** GIVEN RECORDS **
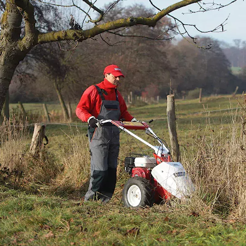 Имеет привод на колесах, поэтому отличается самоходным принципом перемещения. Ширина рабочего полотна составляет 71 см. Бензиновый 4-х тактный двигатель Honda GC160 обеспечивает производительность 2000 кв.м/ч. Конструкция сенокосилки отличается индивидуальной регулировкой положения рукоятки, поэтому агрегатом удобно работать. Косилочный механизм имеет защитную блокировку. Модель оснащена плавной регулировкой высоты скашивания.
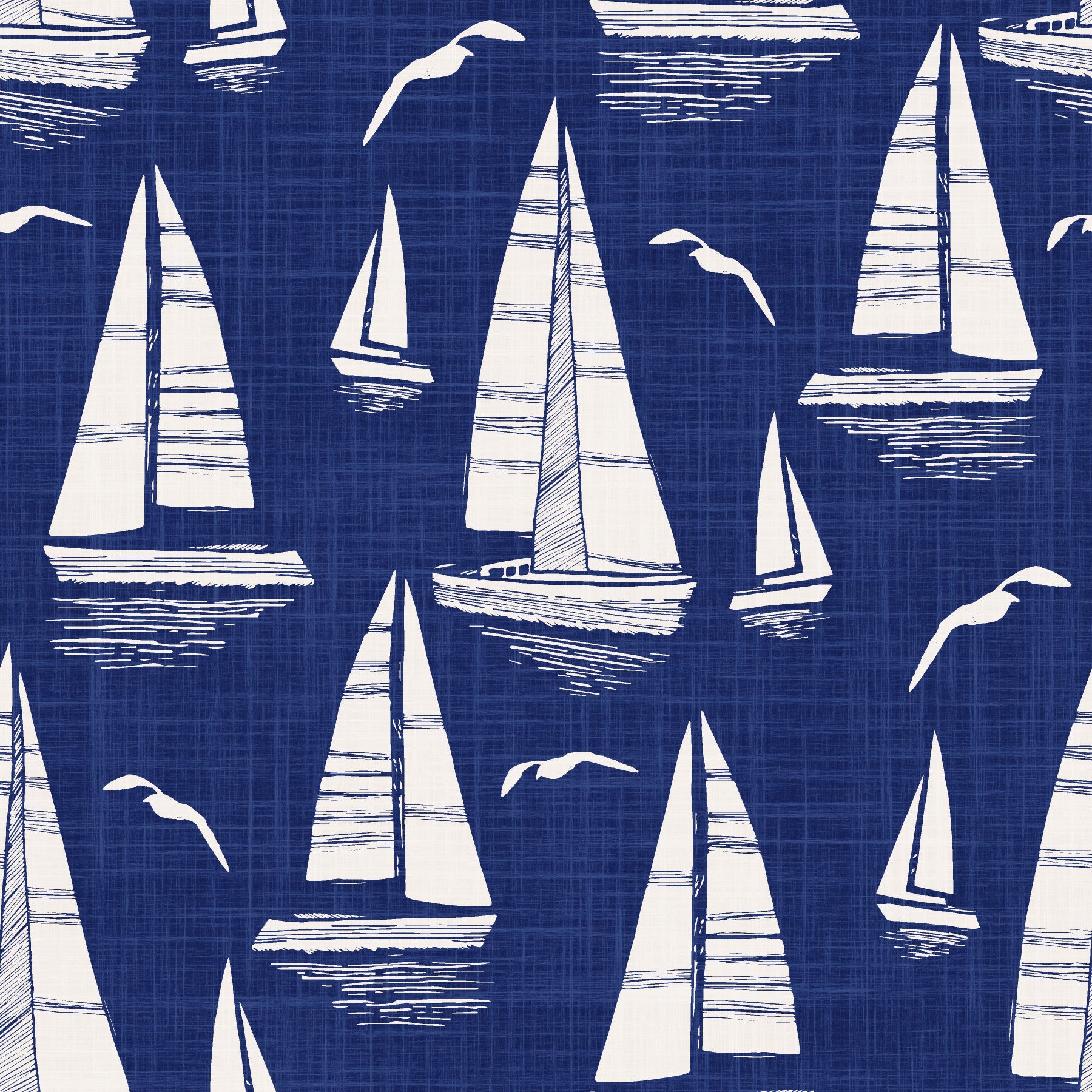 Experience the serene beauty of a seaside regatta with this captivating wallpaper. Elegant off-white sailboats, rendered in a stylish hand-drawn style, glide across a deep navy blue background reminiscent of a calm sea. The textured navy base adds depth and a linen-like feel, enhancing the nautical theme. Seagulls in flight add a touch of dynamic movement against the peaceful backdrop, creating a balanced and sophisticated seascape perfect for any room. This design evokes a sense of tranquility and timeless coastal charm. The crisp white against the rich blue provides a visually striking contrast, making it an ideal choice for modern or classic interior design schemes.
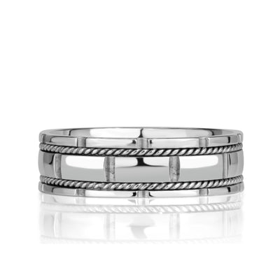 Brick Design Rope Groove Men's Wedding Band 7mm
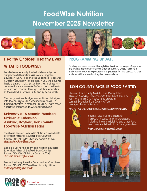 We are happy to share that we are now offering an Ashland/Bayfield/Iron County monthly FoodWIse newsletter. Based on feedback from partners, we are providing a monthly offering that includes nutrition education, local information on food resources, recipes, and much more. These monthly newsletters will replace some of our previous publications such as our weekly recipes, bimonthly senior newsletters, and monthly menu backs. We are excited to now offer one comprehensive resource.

* * *

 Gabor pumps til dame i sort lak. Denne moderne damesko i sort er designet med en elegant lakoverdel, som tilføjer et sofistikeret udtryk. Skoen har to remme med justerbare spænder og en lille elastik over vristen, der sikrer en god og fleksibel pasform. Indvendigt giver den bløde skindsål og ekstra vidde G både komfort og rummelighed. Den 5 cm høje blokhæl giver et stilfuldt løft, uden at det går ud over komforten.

** WHAT YOU NEED TO DO **
Transcribe, word for word, the lines of the listing above from the one that contains "Experience the serene" through the one that contains "Brick Design Rope", keeping both ends and dropping the pictures.

** EXERCISE SOLUTION **
 Experience the serene beauty of a seaside regatta with this captivating wallpaper. Elegant off-white sailboats, rendered in a stylish hand-drawn style, glide across a deep navy blue background reminiscent of a calm sea. The textured navy base adds depth and a linen-like feel, enhancing the nautical theme. Seagulls in flight add a touch of dynamic movement against the peaceful backdrop, creating a balanced and sophisticated seascape perfect for any room. This design evokes a sense of tranquility and timeless coastal charm. The crisp white against the rich blue provides a visually striking contrast, making it an ideal choice for modern or classic interior design schemes.
 Brick Design Rope Groove Men's Wedding Band 7mm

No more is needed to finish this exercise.